Binding–Unbinding Equilibria

We propose that the measured diffusivity for each signal is consistent with a population-weighted average of the Brownian diffusion of the various components (reactants, reaction intermediates, and product) that carry it, and that changes over time of this measured diffusivity reflect changes in the population distribution of these components as the reaction proceeds. We do not understand why Huang and Granick believe that, according to our proposal, the Deff of the reactants “should increase monotonically with time” and that of the product “show slowing down”, or why they think we “do not explain” our proposed mechanism,[20] because the mechanism is very simple and already explained in ref (19). In short, we observe a monotonic decrease in the diffusivity of the signals corresponding to the reactants, and a monotonic increase in the diffusivity of the signal corresponding to the product. The decrease for the reactants can be explained as being due to an increasing fraction of reactant molecules being in larger, more slowly diffusing complexed forms (Cu-alkyne, 2Cu-alkyne, azide coordinated with 2Cu-alkyne complex) as the reaction proceeds. Conversely, the increase for the product can be explained as resulting from an increasing fraction of product being free, rather than in the form of larger, more slowly diffusing copper triazolide and copper metallacycle complexes, as the reaction proceeds.
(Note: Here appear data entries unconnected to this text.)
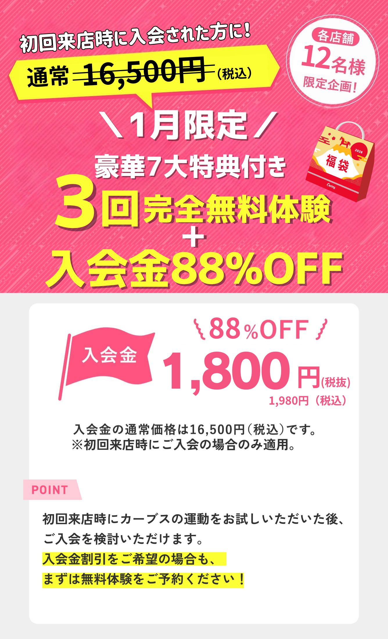 3回完全無料で体験できるのでカーブスがご自身に合っているかを試したい方、効果を実感したい方にも無料体験は大変オススメです
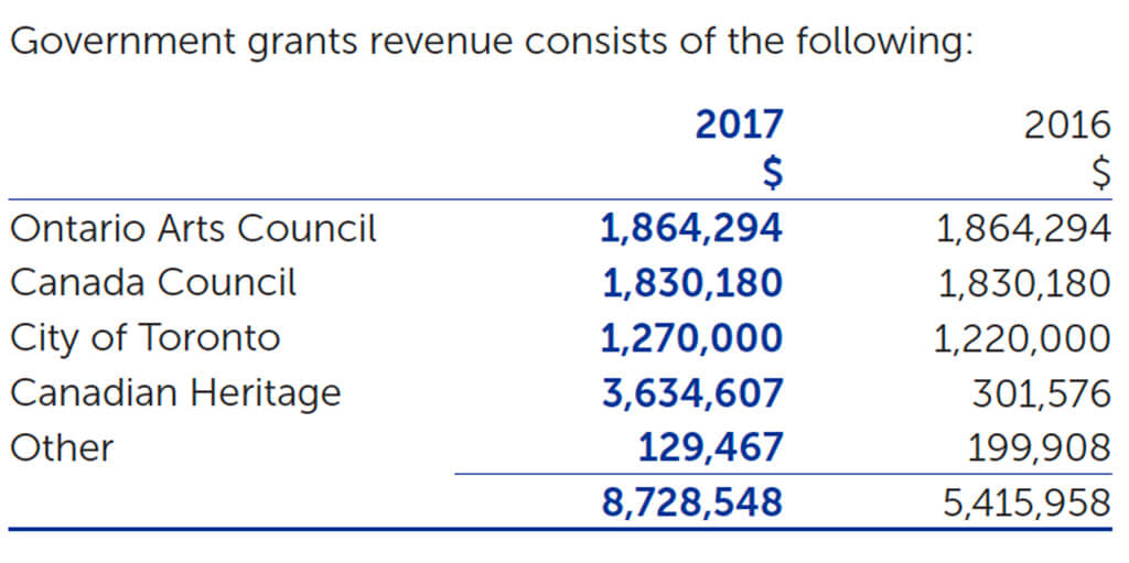 With that trick already used, this year, the orchestra pulled a different rabbit out of their hat — a $7.5M Canada 150 grant from Canada Heritage (an estimated $3.6M of which was applied to the 2016-17 fiscal year) to assist in bridging the gap with the Foundation injections. The gap would have been an estimated $5.8M. This effectively allowed them a year’s repose from having to cannibalize the foundation again, and also reduce the required yearly contributions from the foundation.
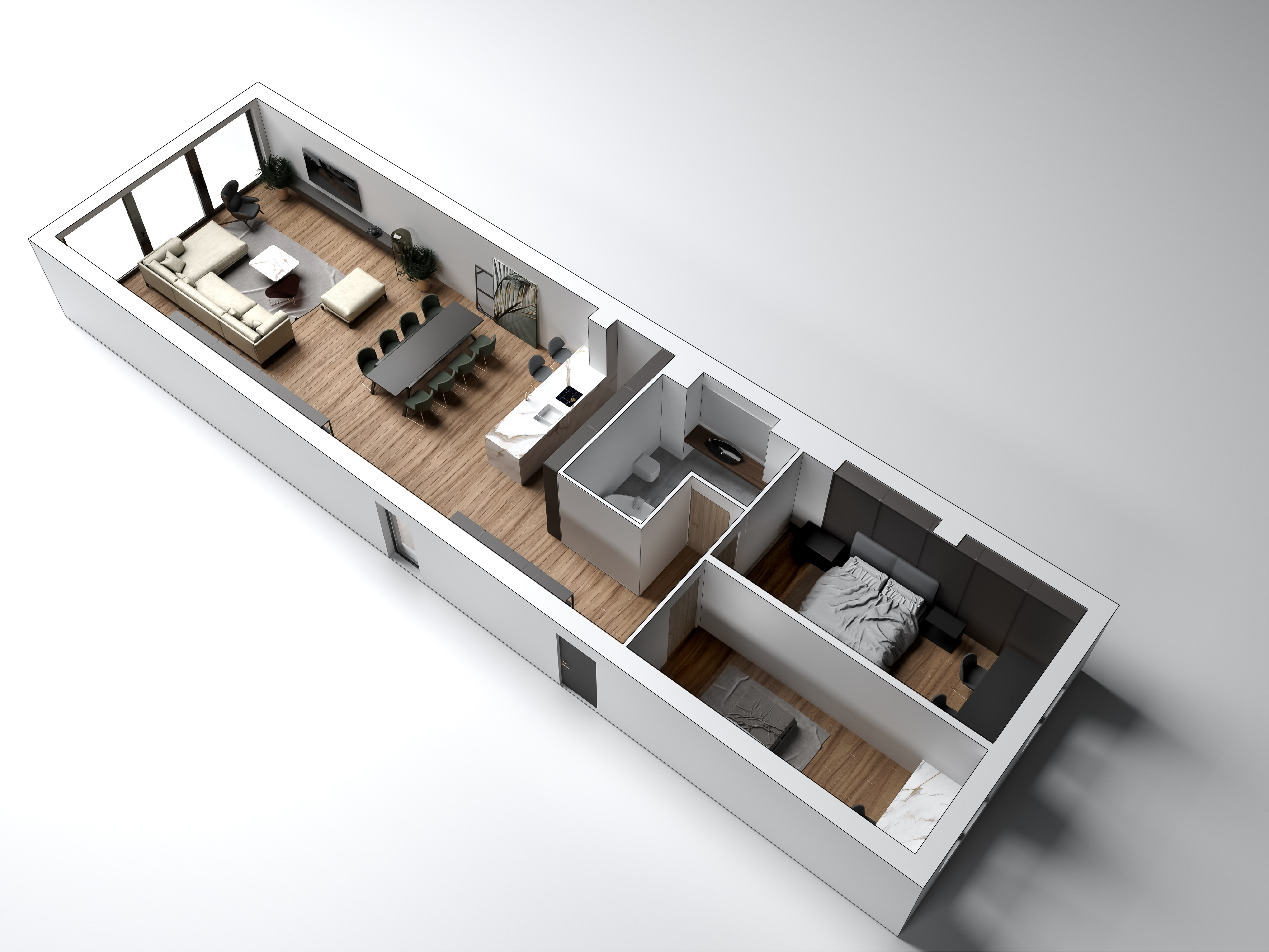 Wyposażony w balkony po obu stronach co daje dostęp do nich z praktycznie każdego pomieszczenia. Istnieje możliwość własnej aranżacji wnętrza.
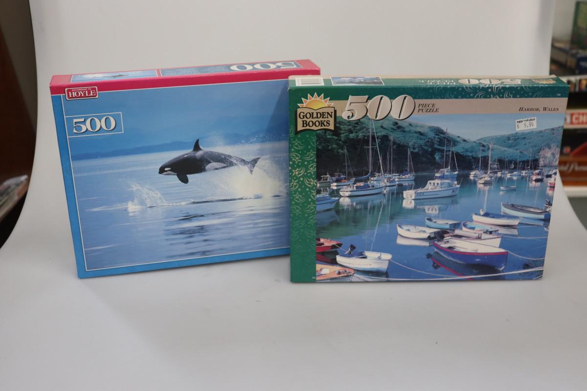 Hoyle 500 Whale puzzle and Golden books500 piece puzzle
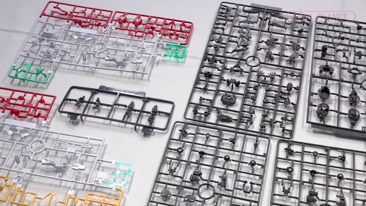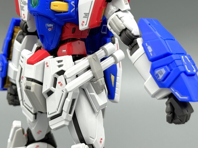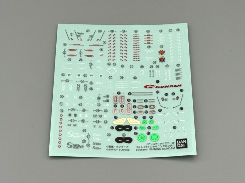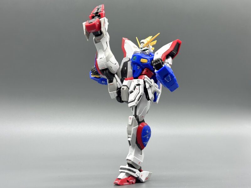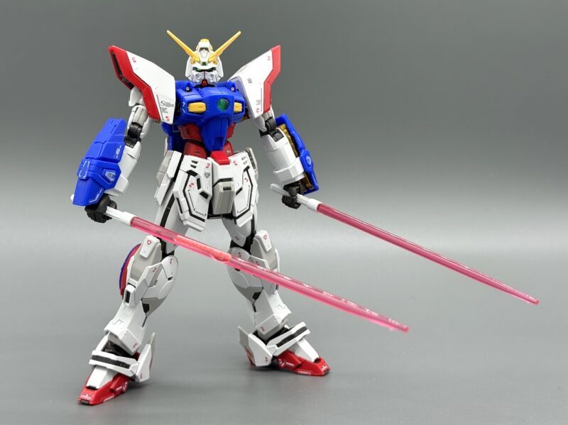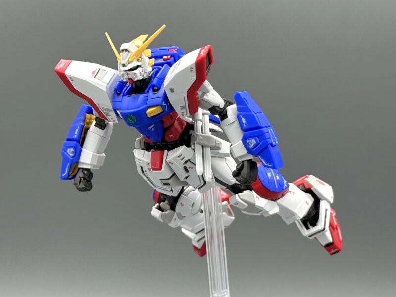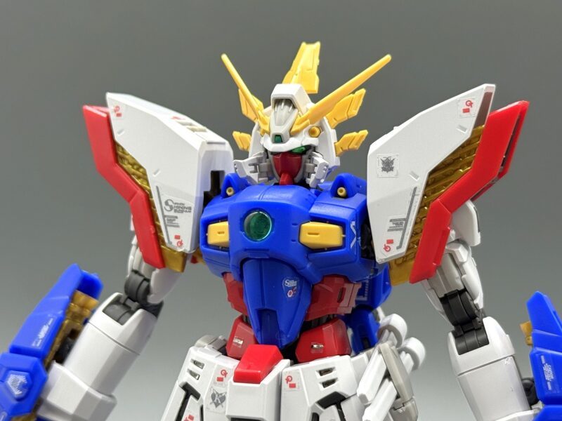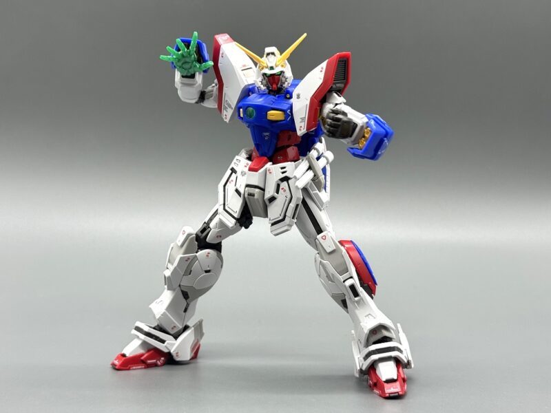『RG 1/144 閃光鋼彈』套件運用白、灰、深灰、紅、深藍、黃、金、金屬綠...等豐富零件成型色製作,其中金色零件採用近年新技術「擬真金屬質感光澤成形」製作,呈現更加真實的金屬光澤,而再現必殺技「閃光掌」的綠色手掌零件也同樣採用該技術呈現。此外還能運用 RG 系列特色的「擬真質感貼紙」製雙眼、胸口等發光部位和機身標誌。

While the CuAAC reaction is rather complex and not all the many intervening steps are well described, the basic mechanism we propose can already be understood within a minimal representative model of a catalyzed reaction (Figure ). Numerical solution of the kinetic scheme shown in Figure a, displayed in Figure b, shows how, indeed, the fractions of free reactant and product may respectively decrease and increase monotonically as the reaction progresses. Under ideal conditions, in which the free and complex states have the same chemical shift or are in fast exchange, the relaxation rates of both species are the same and constant, and NMR recycle delays are long enough to ensure Boltzmann magnetization recovery (intensity proportional to concentration), these fractions determine the measured effective diffusion coefficient through a population-weighted average. We note, however, that even the simple kinetic scheme in Figure already includes a large number of competing time scales, and thus other behaviors (including non-monotonic ones) of the free-state fractions are possible for different parameter choices. This highlights how even observation of a transient increase in diffusion coefficient is not necessarily a sign of an “active” enhancement and may be explained by complex reaction kinetics. Nevertheless, in all cases, a generic feature of such population averages is that the free fractions of reactant and product may never exceed 1, implying that their effective diffusion coefficients are bounded from above by the diffusion coefficient of their free form.

Figure 2

(a) Top: A minimal model for catalytic conversion of a reactant (R) to a product (P) by a catalyst (C) is displayed in the inset, which involves six kinetic rates k, and five populations: free reactant R, free product P, free catalyst C, reactant–catalyst complex CR, and product–catalyst complex CP. From these populations, the free-state fractions of reactant and product, f(R) and f(P), can be calculated as shown. The effective diffusion coefficients of each, Deff(R) and Deff(P), are under ideal measurement conditions given by a population average of the diffusion coefficients associated with the free state (DR, DP) and complex state (DCR, DCP), where generally we expect DR > DCR and DP > DCP. Bottom: Schematic showing how, as the reaction progresses, the free fractions of reactant and product progressively decrease and increase, respectively, causing the respective effective diffusion coefficients to progressively decrease and increase as well. (b) Numerical solution of the kinetic scheme in (a) displaying exactly this behavior. Parameters chosen: koff = koff′ = 0.1kcat, kcat′ = kcat, kon = 100kon′, initial concentrations [C]0 = 0.1[R]0 = koff/kon, [P]0 = [CR]0 = [CP]0 = 0.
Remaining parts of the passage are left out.